Solo la Madonna a questo punto potrà davvero salvare dall’attenzione dei magistrati siciliani, a Messina, il deputato regionale Cateno De Luca. Che è finito agli arresti domiciliari per evasione fiscale prima ancora della proclamazione della sua elezione. Ma al secondo giorno della sua detenzione a casa, scortato dai Carabinieri, egli ha potuto andare a godersi in tribunale lo spettacolo della propria assoluzione dalle accuse di tentata concussione, abuso d’ufficio e falso in atto pubblico nel quindicesimo dei processi subiti in soli sette anni, e tutti conclusi a proprio favore.
Curiosamente, direi pure scandalosamente, questa notizia è stata allontanata dalle prime pagine di tutti i giornaloni, spesisi al solito in titoloni di sarcasmo e di condanna all’annuncio dell’arresto del malcapitato dopo l’elezione a deputato regionale nelle liste dell’Udc, e nella coalizione di centrodestra guidata dal neo governatore regionale Nello Musumeci.
Eppure questa storia di Cateno De Luca dovrebbe bastare e avanzare per farsi ancora una volta l’idea di che cosa sia ormai l’amministrazione della giustizia, con la minuscola, in questo sventurato Paese. Essa potrebbe e dovrebbe anche aiutare a capire perché, al netto della solerzia dei gazzettieri delle Procure, che o per sadismo o per uso politico della cronaca giudiziaria scommettono sempre sulle manette, mai sull’assoluzione o solo sul dubbio, i magistrati hanno perduto progressivamente la fiducia dei cittadini. E, più in particolare, degli elettori. Che nelle urne, a parte gli spettatori di Beppe Grillo, non si lasciano incantare da avvisi di garanzia, arresti, condanne e quant’altro.
Solo qualche giorno fa, in un inciso del suo solito, lungo editoriale quotidiano di stampo giustizialista Marco Travaglio si meravigliava di come e perché Silvio Berlusconi, condannato in via definitiva per frode fiscale e perciò decaduto da senatore nel 2013, fosse “ancora a piede libero”, e per giunta impegnato a far vincere la sua parte politica nelle elezioni politiche dell’anno prossimo. Ecco il perché, caro direttore del Fatto Quotidiano: perché la gente non si fida né dei sospetti e delle accuse delle Procure, né delle sentenze dei tribunali.

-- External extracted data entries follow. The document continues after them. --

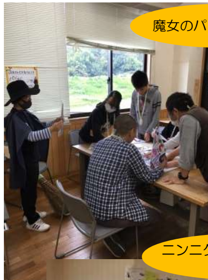
魔女のパズルに挑戦中

魔女のパズルをクリアして捕まっている職員を救出。パズルをクリアすると、カギの在りかが書かれたヒントがでてきて、みんなでカギを探して大盛り上がり！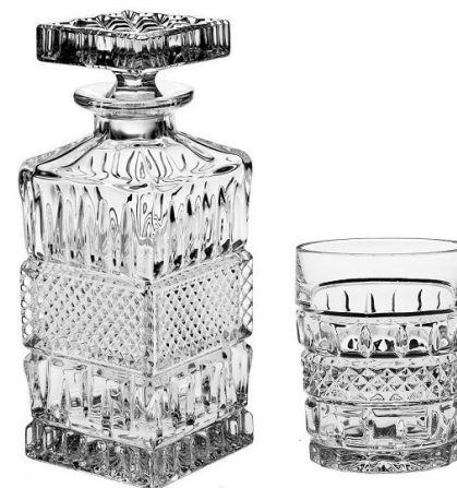
Bohemia Crystal, min. 24 % PbO – Křišťálové sklo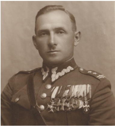
Podpułkownik - wrzesień 1935

Po kapitulacji Warszawy przebywał w obozach jenieckich – m.in. w Bergen Belsen, Sandbostel i Lubece. skąd uwolniły go wojska amerykańskie. Na krótko trafił wówczas do Włoch, gdzie działał w sztabie II Korpusu, jednak w 1946 r. przeniósł się na stałe do Londynu.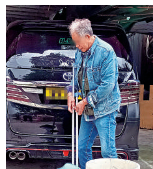
▲村民認為應急醫院可幫助確診者獲得醫治，工程出現噪音也是值得。

位於落馬洲河套區的援建項目，包括提供約1000張負壓床位的應急醫院，以及約10000個床位的社區隔離和治療設施。大公報記者現場所見，多塊工地正在施工，在其中一塊工地上，兩組以「打包箱」（貨櫃）砌成呈魚骨狀的建築物，估計是應急醫院，另外有20多個以「打包箱」砌成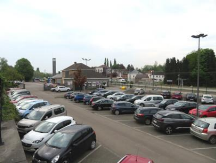
Parking SNCB gratuit de 78 places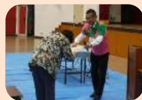
区長より修了証の授与

講習会は、2月6日の“種まきから鉢上げまで”に始まり、“土・肥料・水やりの基本”(2月13日)、“剪定・刈り込みについて”(2月27日)を受講いただいたのち、4回目となった3月6日には、グリーンクラブの皆さん(17人)に助けをもらいながら、真剣なまなざしで、寄せ植えの実習に取組まれました。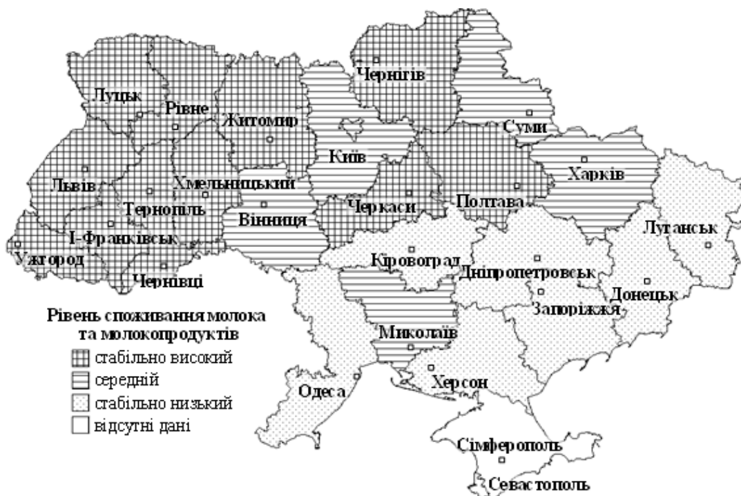
Рис. 2. Регіональна диференціація споживання молока та молочних продуктів на одну особу в Україні у 2010-2015 рр.

показники споживання впродовж 2010-2015 рр. характерні для таких регіонів, як Житомирська, Сумська, Волинська, Рівненська, Чернігівська, Івано-Франківська, Львівська, Тернопільська, Хмельницька та Вінницька області.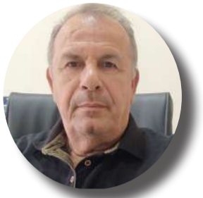
Άρθρο του ΒΑΣΙΛΗ ΜΑΓΚΟΥΤΗ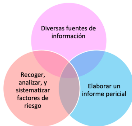
Figura 1. Metodología del Juicio Profesional Estructurado.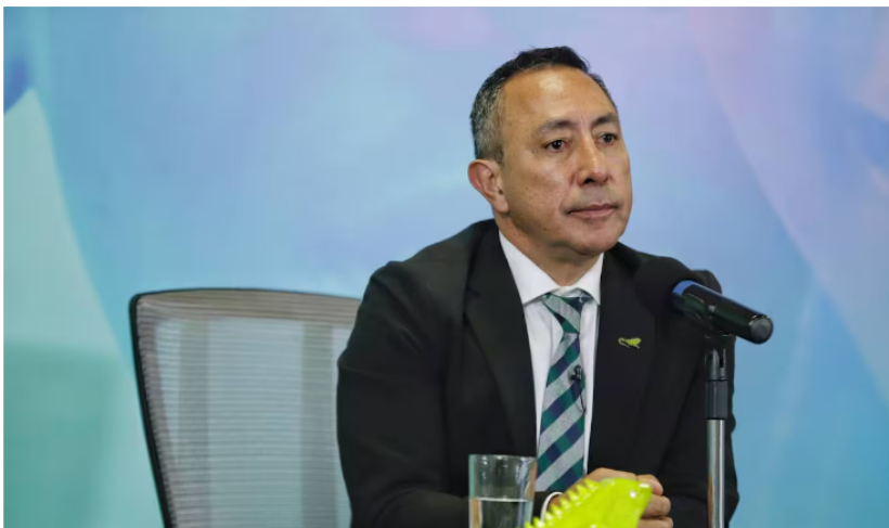
Presidente de Ecopetrol , Ricardo Roa.

La reciente decisión de Ecopetrol de no proceder con la compra de CrownRock, una transacción valorada en US$3.600 millones, ha sido vista por la USO como una oportunidad para fortalecer la exploración y producción interna en Colombia. “Es una oportunidad para reactivar la actividad de exploración dentro del país, generando nuevos puestos de trabajo y aumentando reservas”, afirmó la organización sindical, sugiriendo que los recursos liberados deberían invertirse en la búsqueda de gas natural y el desarrollo de nuevos gasoductos. Le puede interesar: Inversiones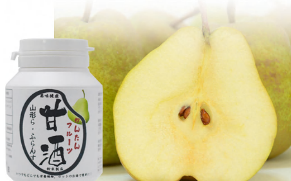
山形ラ・フランス Yamagata La France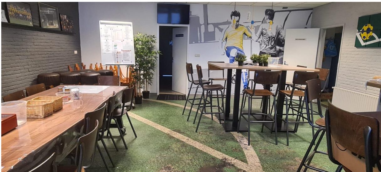
Bestuurskamer anno 2020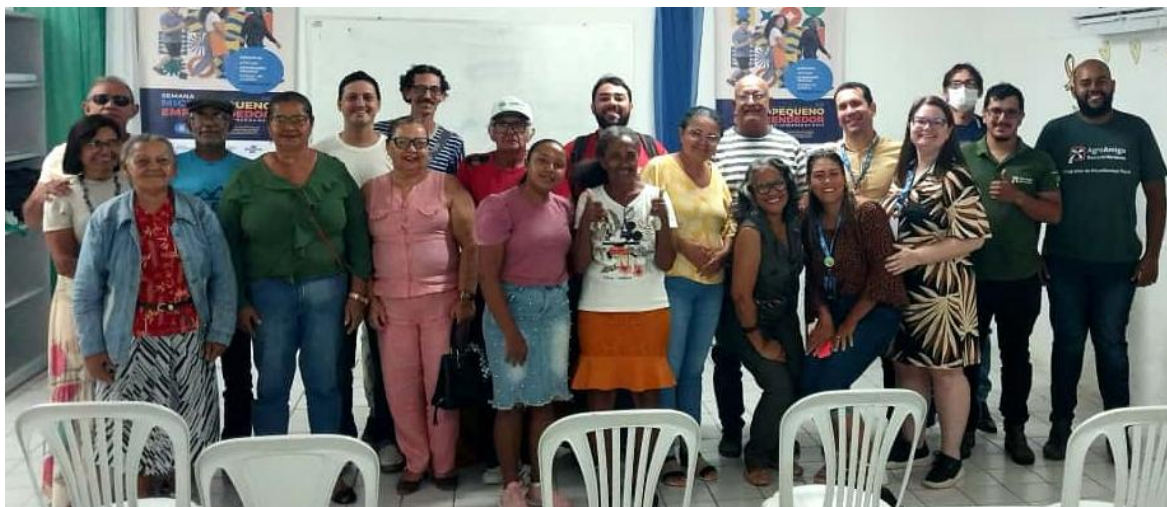
Figura 4: Palestra destinada aos agricultores familiares e representantes de cooperativa, sobre Organização financeira e análise de crédito.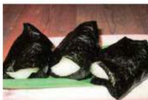
3 flavors of rice balls (plum salmon & dried bonito)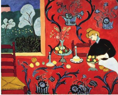
Resim 5. Matisse, The dessert: harmony in red (The red room), 1908, 180x220 cm, Hermitage Museum, St. Petersburg.

Fovist ressamlardan Matisse "Kırmızı Atölye" isimli çalışmasında alanı tek bir renk tonu ile betimleyerek bu alanı yüzeye dönüştürmektedir. Sanatçı bu yüzeyi günlük nesnelere süsleyerek resminin üç boyutlu görüntü kazanmasını sağlamıştır. Yaratıcı renk ve çizgisiyle Matisse, neşeli ve yalın bir üslup yakalamıştır. Sanatçı bu durumu, "İnsanda içine gömülü bir koltukta dinleniyor duygusunu uyandırır" sözleriyle ifade etmiştir (Eren, 1981: 654).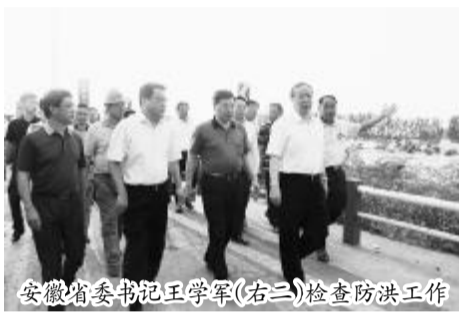
安徽省委书记王学军(右二)检查防汛工作

6月30日以来，合肥地区发生了连续的强降雨，安徽公司迅速在各个项目部组织了防汛抢险队。7月5日21时许，长临河镇境内南淝河姚埠圩段发生部分坍塌。阚宏明和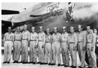
B-29 を改造した写真偵察機 F-13 と東京を偵察した第 3 写真偵察戦隊の隊員

Quasi preveggenti, i genitori del deputato regionale siciliano De Luca, da non confondere con l’omonimo governatore della Campania, pure lui di casa comunque nelle Procure della sua regione, chiamarono 45 anni fa all’anagrafe il loro figliolo Cateno, che è la variante maschile di Catena: nome diffuso in Sicilia per devozione a Maria Santissima della Catena, appunto, protettrice degli schiavi e dei prigionieri. Con la quale sembrano destinati a fare i conti per fortuna anche i magistrati facili ai processi e alle manette.